“He’s coming!” said he; “now for trouble!”

Rostov glanced out of the window and saw Denisov returning home. Denisov was a little man with a red face, sparkling black eyes, tousled black whiskers and hair. He was wearing an unbuttoned tunic, wide breeches that fell in folds, and on the back of his head a crushed hussar’s cap. Gloomily, with downcast head, he drew near the steps.

“Lavrushka,” he shouted, loudly and angrily, lisping the r, “come, take it off, blockhead!”

“Well, I am taking it off,” answered Lavrushka’s voice.

“Ah! you are up already,” said Denisov, coming into the room.

“Long ago,” said Rostov; “I’ve been out already after hay, and I have seen Fräulein Mathilde.”

“Really? And I’ve been losing, my boy, all night, like the son of a dog,” cried Denisov, not pronouncing his r’s. “Such ill-luck! such ill-luck! …As soon as you left, my luck was gone. Hey, tea?”

Denisov, puckering up his face as though he were smiling, and showing his short, strong teeth, began with his short-fingered hands ruffling up his thick, black hair, that was tangled like a forest.

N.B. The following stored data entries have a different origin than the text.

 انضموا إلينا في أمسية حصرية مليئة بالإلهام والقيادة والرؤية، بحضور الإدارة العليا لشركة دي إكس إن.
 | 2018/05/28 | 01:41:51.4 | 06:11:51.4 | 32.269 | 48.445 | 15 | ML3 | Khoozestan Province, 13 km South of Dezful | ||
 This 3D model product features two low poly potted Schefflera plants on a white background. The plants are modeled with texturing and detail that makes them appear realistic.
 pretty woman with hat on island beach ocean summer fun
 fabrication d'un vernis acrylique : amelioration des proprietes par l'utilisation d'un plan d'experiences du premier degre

“The devil was in me to go to that rat” (the nickname of an officer), he said, rubbing his brow and face with both hands. “Only fancy, he didn’t deal me one card, not one, not one card!” Denisov took the lighted pipe that was handed to him, gripped it in his fist, and scattering sparks, he tapped it on the floor, still shouting.

“He lets me have the simple, and beats the parole; lets me get the simple, and beats the parole.”

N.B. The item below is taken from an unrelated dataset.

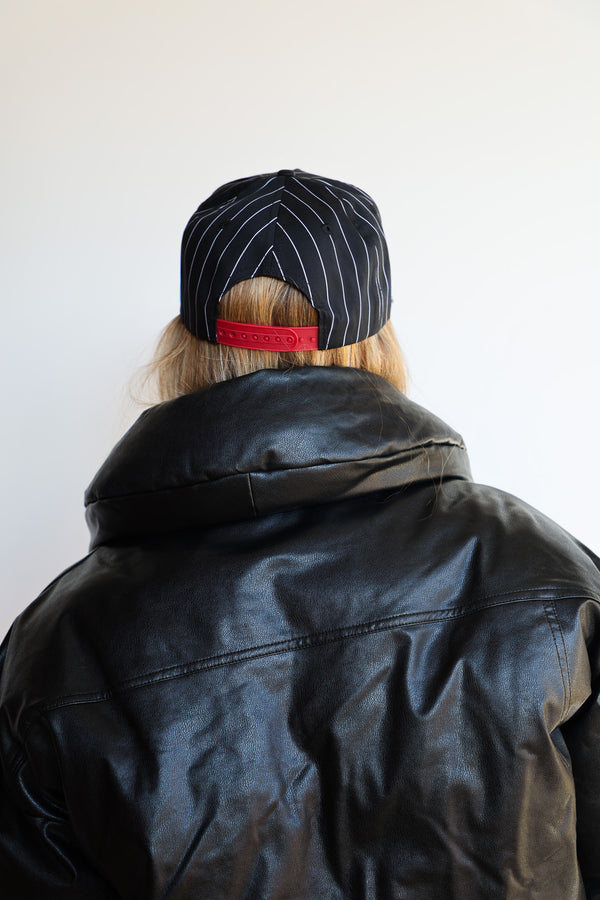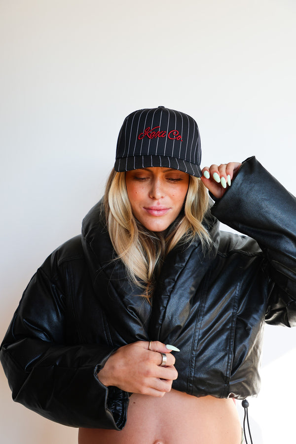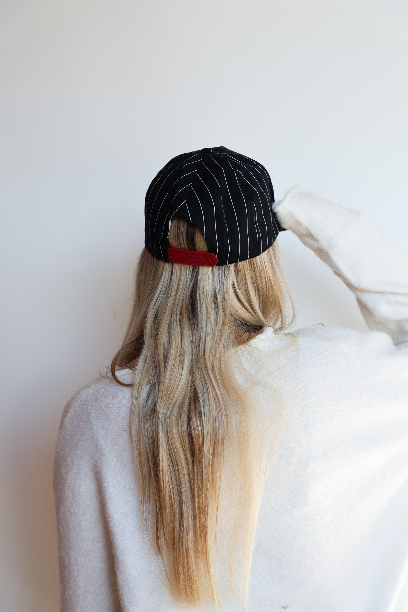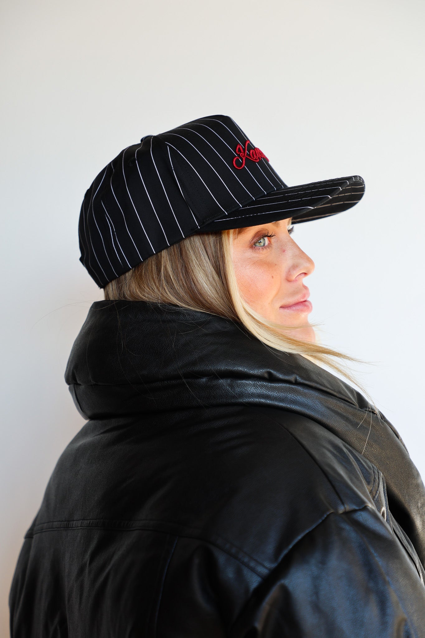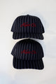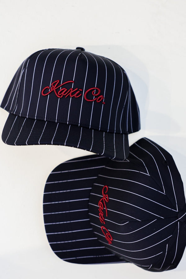 This comes in a black hat with skinny white pinstripes and a red embroidered kaxi on the front.

He scattered the sparks, broke the pipe, and threw it away. Then Denisov paused, and all at once he glanced brightly at Rostov with his gleaming black eyes.

“If there were only women. But here, except drinking, there’s nothing to do. If only we could get to fighting soon.… Hey, who’s there?” he called towards the door, catching the sounds of thick boots and clanking spurs that came to a stop, and of a respectful cough.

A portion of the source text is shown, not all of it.